## Source material
· · · · · · ·
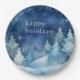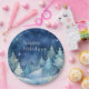 Blue & White Watercolor Winter Scenery Holiday Paper Plate
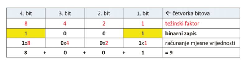Težinski faktor bita – ovisi o položaju bita u nizu (bitnom mjestu). Za svaki bit u nizu, gledajući s desna u lijevo, se udvostručuje (1,2,4,8,16,32,64…).
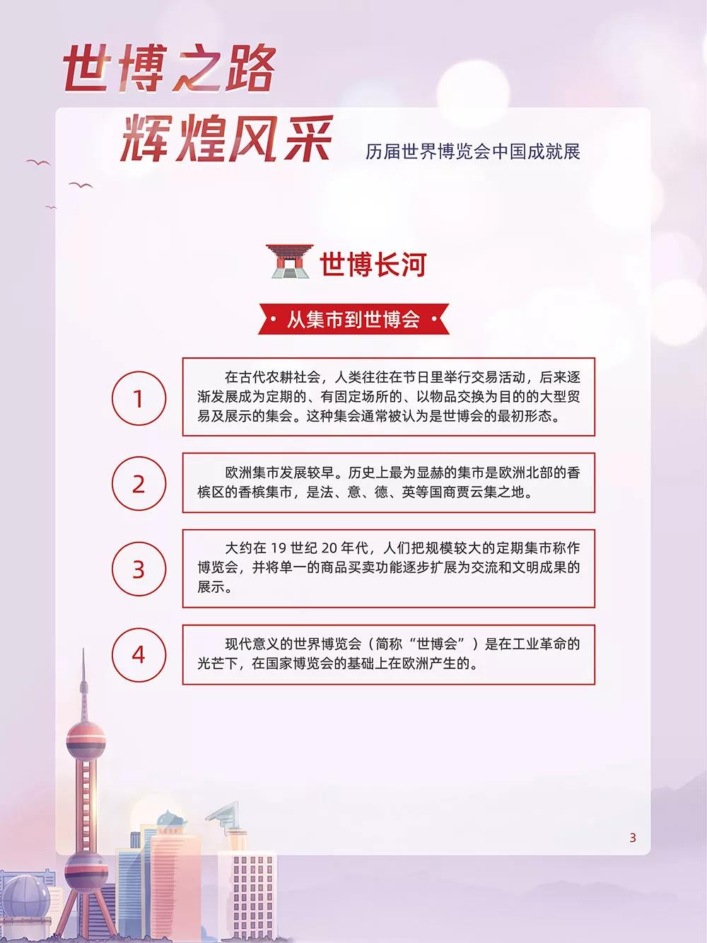 世博会是一项由主办国政府组织或政府委托有关部门举办的有较大影响和悠久历史的国际性博览活动,至今已有百余年的历史。世博会分为两种形式,一种是综合性世博会,另一种是专业性世博会。世博会是一个富有特色的讲坛,它鼓励人类发挥创造性和主动参与性。把科学性和情感结合起来,将有助于人类发展的新概念、新观念、新技术展现在世人面前。其特点是举办时间长、展出规模大、参展国家多、影响深远。因此,世博会被誉为世界经济、科技、文化的“奥林匹克盛会”。
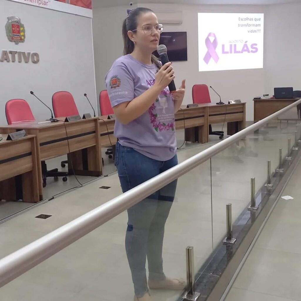 A palestra foi conduzida por Maria Otília Marques da Silva, assistente social, com o tema: “Agosto Lilás – Escolhas que Transformam”.
· · · · · · ·
## What is required
Where pictures sit among the data above, omit them, and output the rest exactly.

## Answer box
 Blue & White Watercolor Winter Scenery Holiday Paper Plate
Težinski faktor bita – ovisi o položaju bita u nizu (bitnom mjestu). Za svaki bit u nizu, gledajući s desna u lijevo, se udvostručuje (1,2,4,8,16,32,64…).
 世博会是一项由主办国政府组织或政府委托有关部门举办的有较大影响和悠久历史的国际性博览活动,至今已有百余年的历史。世博会分为两种形式,一种是综合性世博会,另一种是专业性世博会。世博会是一个富有特色的讲坛,它鼓励人类发挥创造性和主动参与性。把科学性和情感结合起来,将有助于人类发展的新概念、新观念、新技术展现在世人面前。其特点是举办时间长、展出规模大、参展国家多、影响深远。因此,世博会被誉为世界经济、科技、文化的“奥林匹克盛会”。
 A palestra foi conduzida por Maria Otília Marques da Silva, assistente social, com o tema: “Agosto Lilás – Escolhas que Transformam”.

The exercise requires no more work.